Demgegenüber erscheinen andere in der Literatur beschriebene Aufarbeitungen eher aufwendig. SCHLINGLOFF (1997) extrahierte ebenfalls im Basischen, führte die Plasmaproben jedoch über eine Festphasen-Extraktionssäule und musste zur Messung an einem Gaschromatographen derivatisieren. POPOT et al. (2000) extrahierten Pferdeurinproben bei pH 9,5 und nutzten ebenfalls eine Festphasen-Extraktion. DAMM (1989) führte zur Analyse von 4-MAA in Humanplasma und –urin eine Flüssig-Flüssig-Extraktion im basischen pH-Bereich vor Messung mittels HPLC-UV-Verfahren durch.

Vergleichend stellt Aufarbeitungsprozedur der erarbeiteten Methode ein einfaches, schnelles und praktikables Verfahren dar.

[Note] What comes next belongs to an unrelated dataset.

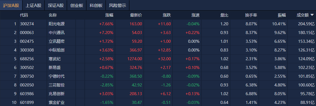 个股方面,阳光电源成交额超204亿元居首,中兴通讯、立讯精密、中际旭创成交额靠前。
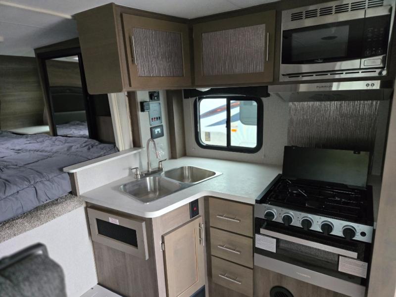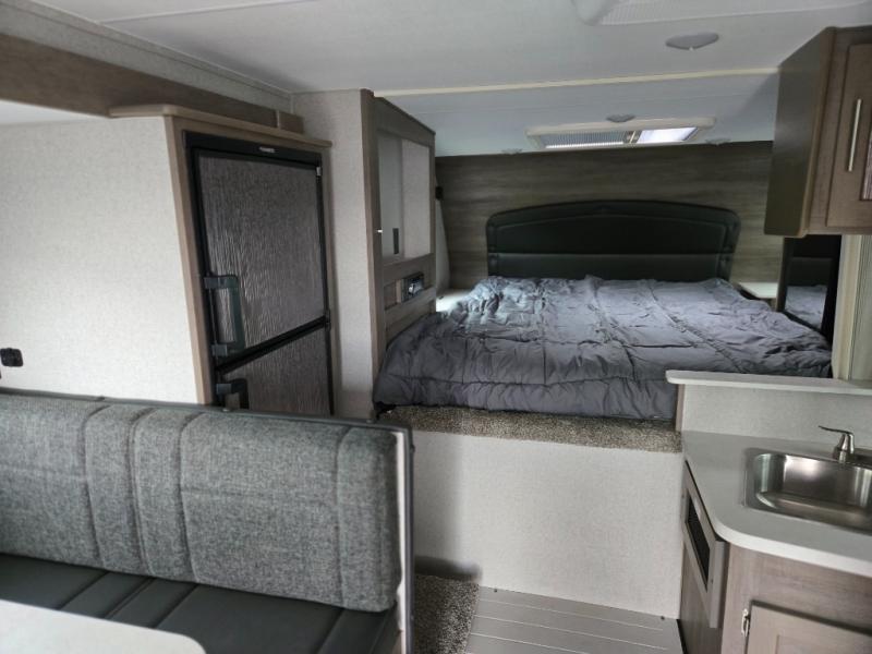 You won't believe the amount of space you'll find in this truck camper that can sleep three to four each night! There is a slide out with a refrigerator and a Dream Dinette that will also convert to a bed for guests. The front queen bed will provide a great night's rest, and you'll enjoy two nightstands, one with a drawer to keep your valuable close by. There is even an entertainment cabinet if you want to add an optional TV! Whip up your best meals with the three burner cooktop and large stainless steel oven, then store leftovers in the 7 cu. ft. Dometic 2-door stainless steel refrigerator/freezer. The seamless one-piece fiberglass wet bath is another feature you are sure to appreciate with its Dometic toilet, dual layer skylight, and 12V power exhaust fan. This model also includes the mandatory Elite Option Package that comes with a 26" friction hinge door with a dead bolt and screen, a 4-season insulation package, LED lights both inside and out, plus more!

Besondere Schwierigkeiten lagen in dieser Studie während der Validierung der Methode in der starken Oxidationsneigung des 4-MAA unter Lichteinfluss und bei Verbringung in wässriges Milieu begründet. Dieses wurde nach Messungen von Kalibrierreihen deutlich, die mit 4-MAA-Stamm- und Arbeitslösungen erstellt wurden, in denen das 4-MAA in Methanol oder in 0,06 N Salzsäure gelöst war. Waren die methanolischen oder salzsäurehaltigen wässrigen Stamm- und Arbeitslösungen älter als 24 Stunden, verfärbten sie sich zunehmend gelblich. Zudem zeigte sich in Abhängigkeit von der Lagerzeit eine erhebliche Streuung der Ergebnisse der Messreihen mehrerer Tage. Akzeptable Kalibrierreihen wurden erst erhalten, nachdem die 4-MAA-Stamm- und Arbeitslösungen mit 1%-iger Mercaptoethanollösung (in 0,06 N Salzsäure) erstellt wurden. 4-MAA erschien darin für ca. 4 Wochen stabil. Unter Berücksichtigung der erheblichen Oxidationsneigung von 4-MAA war es von Interesse, wie lange 4-MAA nach der Aufarbeitung, gelöst in dem Ammoniumacetat-HPLC-Anfangspuffer

und in HPLC-Autosamplervials verbracht, reproduzierbare Messergebnisse liefert. Dazu wurden Proben der Kalibrierreihen der Validierung nach 24, 48 und 72 Stunden Lagerung bei Zimmertemperatur wiederholt gemessen und die gemessenen Konzentrationen mit denen von Messreihen verglichen, die sofort nach der Aufarbeitung gemessen wurden. Dabei wurde festgestellt, dass bis zu 24 Stunden reproduzierbare Messergebnisse gewährleistet sind.

Wurde die Proben wie oben beschrieben zwischenzeitlich nicht bei Zimmertemperatur, sondern bei +4° C aufbewahrt, ist bis zu 48 Stunden die Reproduzierbarkeit der Messergebnisse gewährleistet.

Abschließend ist zu erwähnen, dass die Wiederfindungsraten, die mit dieser Methode erzielt wurden, durch Veränderung der Aufarbeitungsprozedur verbesserbar erscheinen. Die Methode zeichnet sich durch das einfache Aufarbeitungsverfahren, valider Präzision und Reproduzierbarkeit aus. Zudem kann die entwickelte Methode über einen großen Konzentrationsbereich gleichermaßen für Plasma und Urin angewendet werden.